> [RECORDS TO PROCESS]:
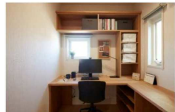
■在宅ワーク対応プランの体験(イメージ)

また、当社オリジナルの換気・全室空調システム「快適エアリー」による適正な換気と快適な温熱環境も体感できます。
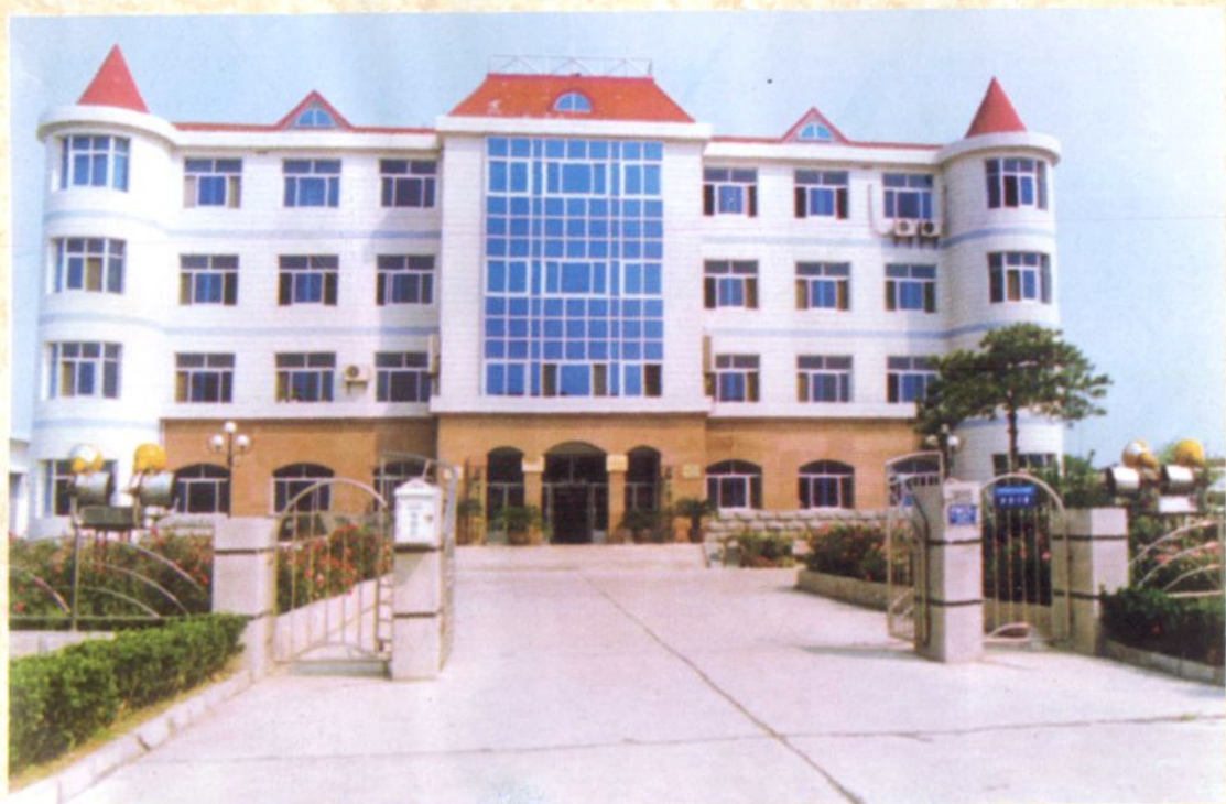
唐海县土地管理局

---

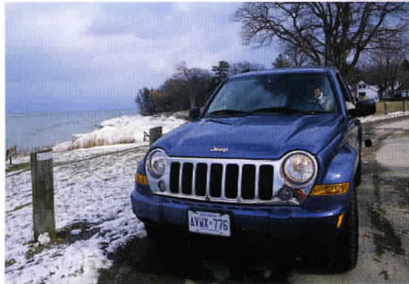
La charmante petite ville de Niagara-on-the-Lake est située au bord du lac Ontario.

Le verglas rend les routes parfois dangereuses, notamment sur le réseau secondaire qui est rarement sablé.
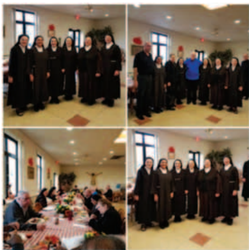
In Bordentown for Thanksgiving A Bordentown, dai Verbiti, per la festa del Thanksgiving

==

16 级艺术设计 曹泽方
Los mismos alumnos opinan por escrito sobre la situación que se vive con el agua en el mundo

> [TASK STATEMENT]:
Starting at the line containing "La charmante petite" and finishing at the line containing "In Bordentown for", return those lines exactly as they appear above, without the pictures.

> [COMPLETED TASK]:
La charmante petite ville de Niagara-on-the-Lake est située au bord du lac Ontario.

Le verglas rend les routes parfois dangereuses, notamment sur le réseau secondaire qui est rarement sablé.
In Bordentown for Thanksgiving A Bordentown, dai Verbiti, per la festa del Thanksgiving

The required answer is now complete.